Minor league affiliations
- Class: Triple-A (1994–present)
- League: Pacific Coast League (1994–present)
- Division: West Division

Major league affiliations
- Team: Los Angeles Angels (2001–present)
- Previous teams: Minnesota Twins (1994–2000)

Minor league titles
- League titles (0): None
- Conference titles (3): 2000; 2002; 2013;
- Division titles (8): 1995; 1999; 2000; 2002; 2006; 2007; 2008; 2013;
- Second-half titles (1): 1995
- Wild card berths (2): 1994; 1996;

Team data
- Name: Salt Lake Bees (2006–present)
- Previous names: Salt Lake Stingers (2001–2005) Salt Lake Buzz (1994–2000)
- Colors: Black, gold, white
- Mascot: Bumble
- Ballpark: The Ballpark at America First Square (2025–present)
- Previous parks: Smith's Ballpark (1994–2024)
- Owner/ Operator: Miller Sports + Entertainment
- General manager: Corina Nelson
- Manager: Doug Davis
- Website: milb.com/salt-lake

= Salt Lake Bees =

The Salt Lake Bees are a Minor League Baseball (MiLB) team that plays in the Pacific Coast League (PCL). They are the Triple-A affiliate of the Los Angeles Angels.

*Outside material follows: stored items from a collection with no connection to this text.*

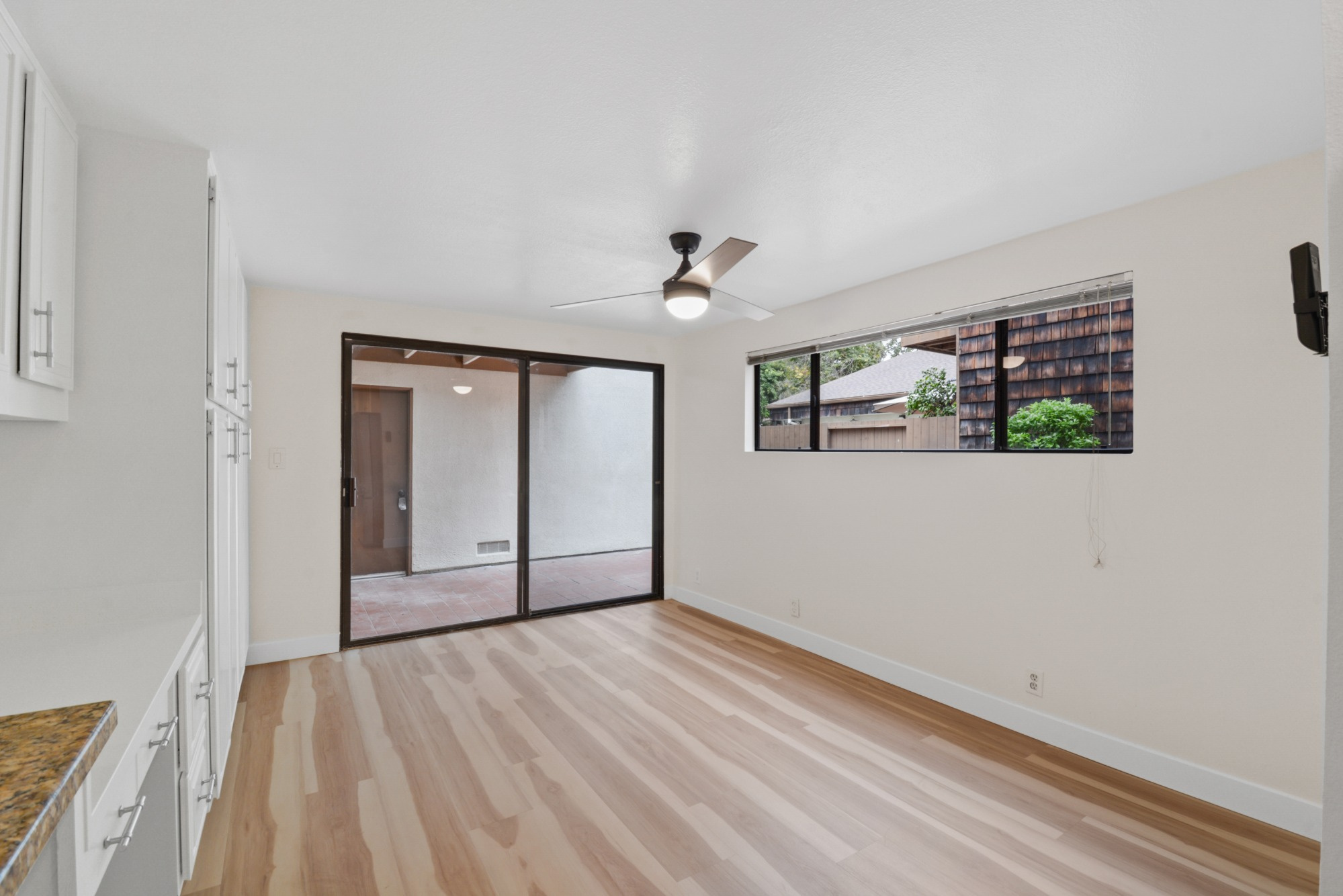 This home is designed for comfort and convenience with central air and heat, dual-pane windows and sliding doors, plantation shutters vertical blinds and an inside laundry area with washer and dryer included. A private gated entry leads you to a serene and tranquil backyard patio with peaceful tree views. The property also includes a detached 2-car garage with a new garage door opener.
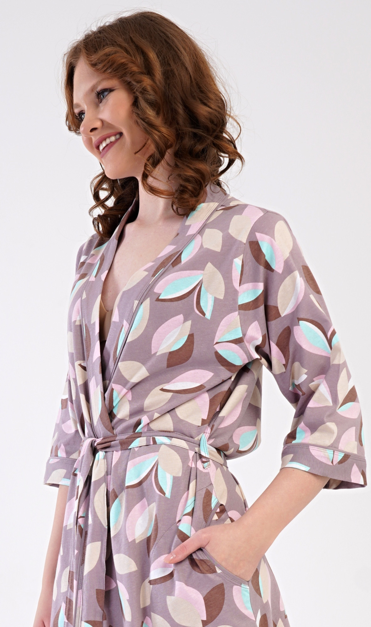 Dámský krátký bavlněný župan Klára. Dámský župánek v délce pod kolena je potišten pestrobarevnými listy. Župan má pásek ke stažení a praktické kapsy. Použitý bavlněný materiál je příjemný a poddajný na dotek, saje a oceníte ho i po koupeli.
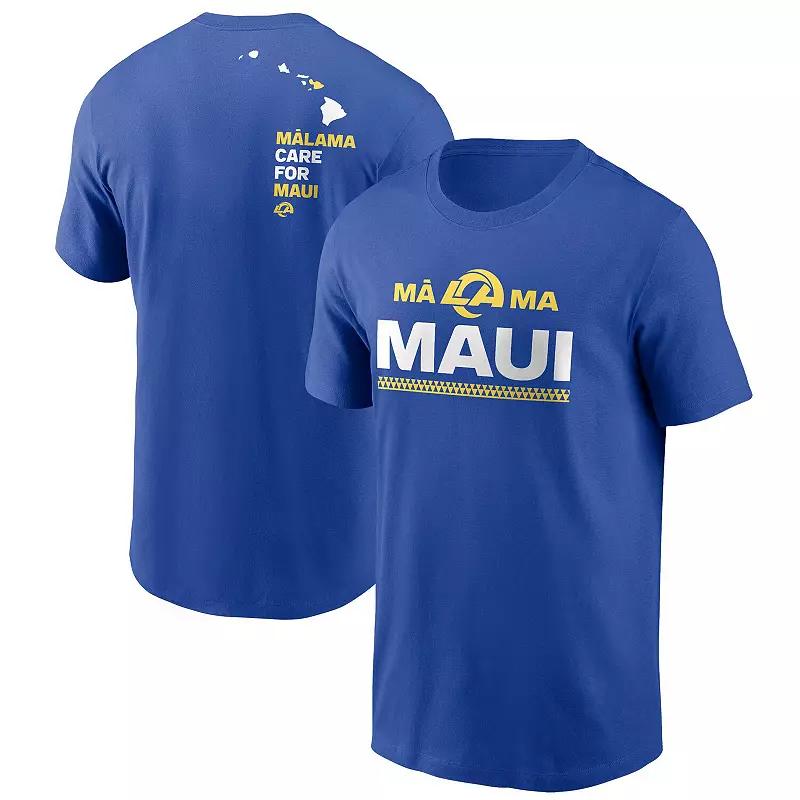 Show your support for the Maui wildfire relief efforts with this Los Angeles Rams T-Shirt. The NFL, the Los Angeles Rams and Fanatics do not retain any profits from the sale of this product. Charitable funds are donated to the American Red Cross.

Based in South Jordan, Utah, the team has played its home games at The Ballpark at America First Square since 2025. The team previously played its home games at Smith's Ballpark in Salt Lake City from its opening in 1994 until the end of the 2024 season.

Formerly known as the Salt Lake Buzz from 1994 to 2000 and the Salt Lake Stingers from 2001 to 2005, the team adopted the Bees moniker in 2006. Since their inception in 1994, they have been a part of the PCL, including the 2021 season when the league was called Triple-A West.

==History==
===Prior teams===
After the 1914 Pacific Coast League season, Salt Lake City businessman Bill "Hardpan" Lane purchased the Sacramento Solons and brought the team to Utah as the Salt Lake City Bees. Though a charter member of the PCL, the Solons suffered on the field and at the gate, being exiled at times to Tacoma, Fresno, and San Francisco. On March 31, 1915, their first game was played with more than 10,000 fans pouring into Majestic Park (later renamed Bonneville Park) to cheer the Bees to a 9–3 win over the Vernon Tigers.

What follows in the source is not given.